=== Exercise ===
Reproduce, please, the line that holds "A arte original" and all later lines through the end of the entries below, exactly; omit pictures.
--- START ---
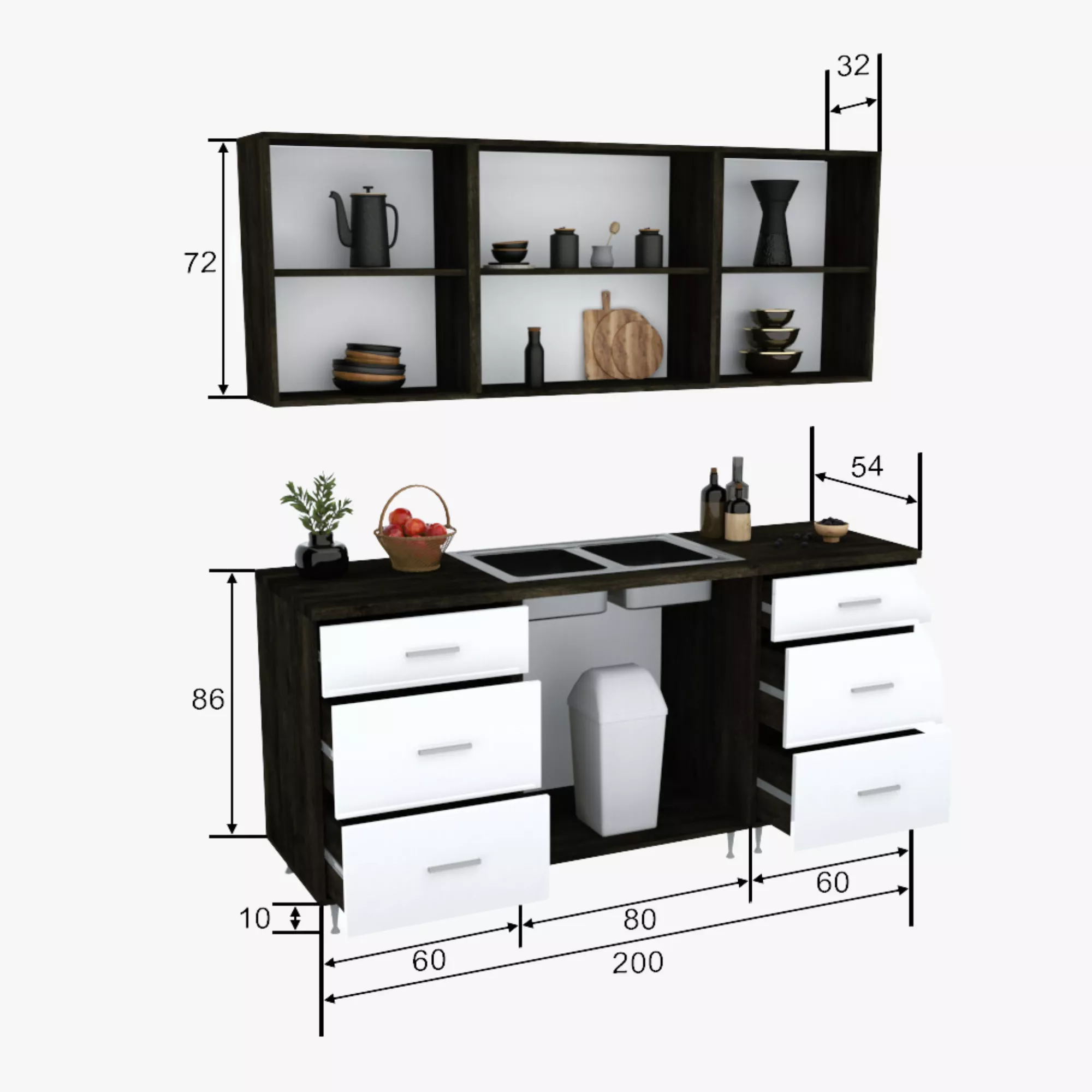 A korpusz 18 mm laminált forgácslap, ABS élfóliával zárva. A hátfal HDF lemez tűzőkapoccsal rögzítve. Az ajtó-, és fiókfront magasfényű fóliás bútorlap ABS élfóliával ellátva. A polcok alátámasztásai fém polctartóval, a fiókok teljes kihúzású fióksínnel vannak ellátva. A munkalap 38 mm, mérsékelten hő- és vízálló. A mosogatótálca ( dupla mély gyárilag ) rozsdamentes, szifonnal, lefolyóval. A mosogatótálca helyét, valamint a csaptelepet a helyszínen kell bele vágni.
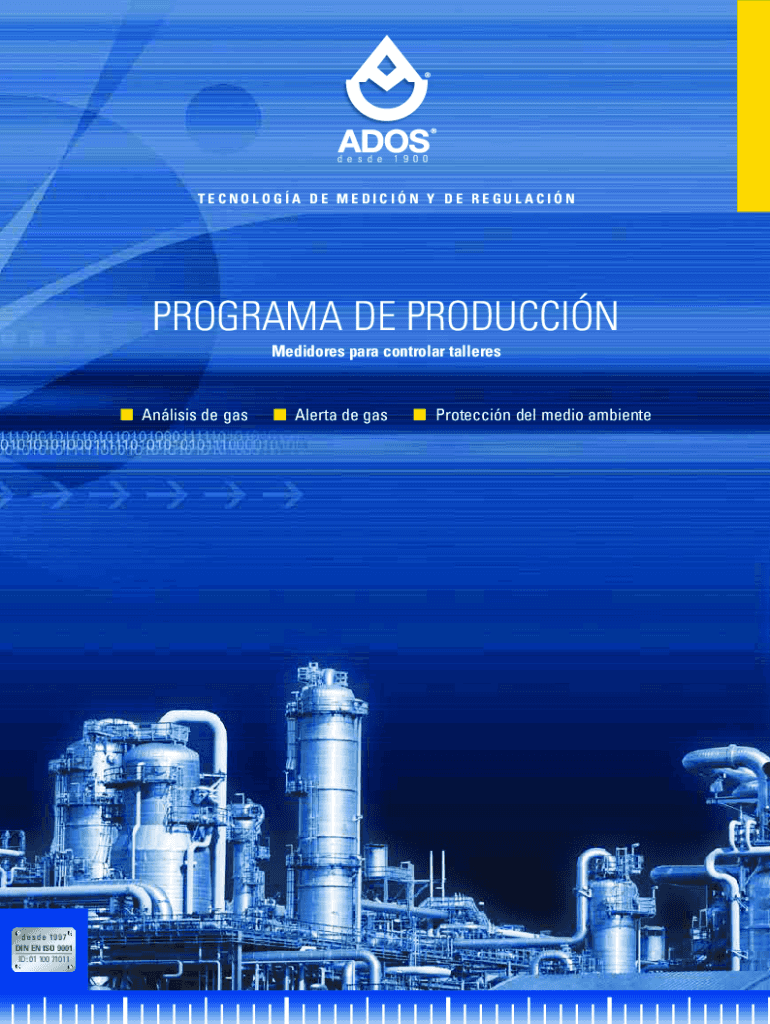 d e s d e19 0 0TECNOLOGA DE MEDICIN Y DE REGULACINPROGRAMA DE PRODUCCIN Medidores para controlar talleresn Anlisis de gasDIN EN ISO 9001 ID: 01 100 71011n Alerta de gasn Proteccin del medio ambienteEmpresa
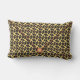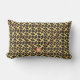 A arte original de ZoeSPEAK neste Travesseiro lombar é um padrão feito no estilo de um saco de embraiagem de envelope. O saco é uma gaiola de latência dourada, revestida com um tecido de seda preto azul escuro, que tem um padrão sutil de linhas circulares e destaca em azul, vermelho e verde. Há pequenas bolas vermelhas nos espaços abertos da lata. O flap do envelope tem uma borda vermelha e um grande botão vermelho de bola fechando sob a estrutura dourada.
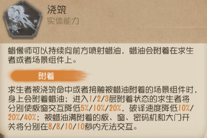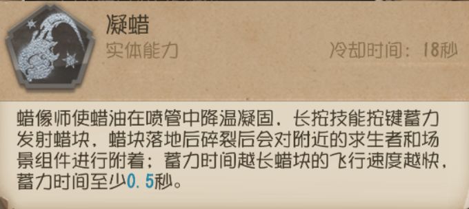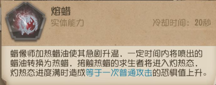 ★实战解析:该技能会将【浇筑】和【凝蜡】时的蜡油转换为热蜡,当求生者的灼热态进度满时可以造成一次普通攻击的伤害。求生者接触到热蜡后,即使没有继续被热蜡喷射到,恐惧值仍然会在短时间内持续上涨一定进度,这大幅度提升了蜡像师追击、守椅和控场的能力。
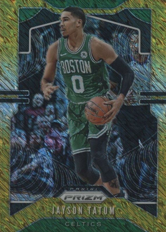 This card is 1 of 40 Jayson Tatum's card variations in the 2019 Prizm set being tracked by Sports Card Investor, including Base, Choice Blue Yellow Green, Fanatics Green Ice, FOTL Blue Shimmer, and Hyper.
--- END ---
=== Task answer ===
 A arte original de ZoeSPEAK neste Travesseiro lombar é um padrão feito no estilo de um saco de embraiagem de envelope. O saco é uma gaiola de latência dourada, revestida com um tecido de seda preto azul escuro, que tem um padrão sutil de linhas circulares e destaca em azul, vermelho e verde. Há pequenas bolas vermelhas nos espaços abertos da lata. O flap do envelope tem uma borda vermelha e um grande botão vermelho de bola fechando sob a estrutura dourada.
 ★实战解析:该技能会将【浇筑】和【凝蜡】时的蜡油转换为热蜡,当求生者的灼热态进度满时可以造成一次普通攻击的伤害。求生者接触到热蜡后,即使没有继续被热蜡喷射到,恐惧值仍然会在短时间内持续上涨一定进度,这大幅度提升了蜡像师追击、守椅和控场的能力。
 This card is 1 of 40 Jayson Tatum's card variations in the 2019 Prizm set being tracked by Sports Card Investor, including Base, Choice Blue Yellow Green, Fanatics Green Ice, FOTL Blue Shimmer, and Hyper.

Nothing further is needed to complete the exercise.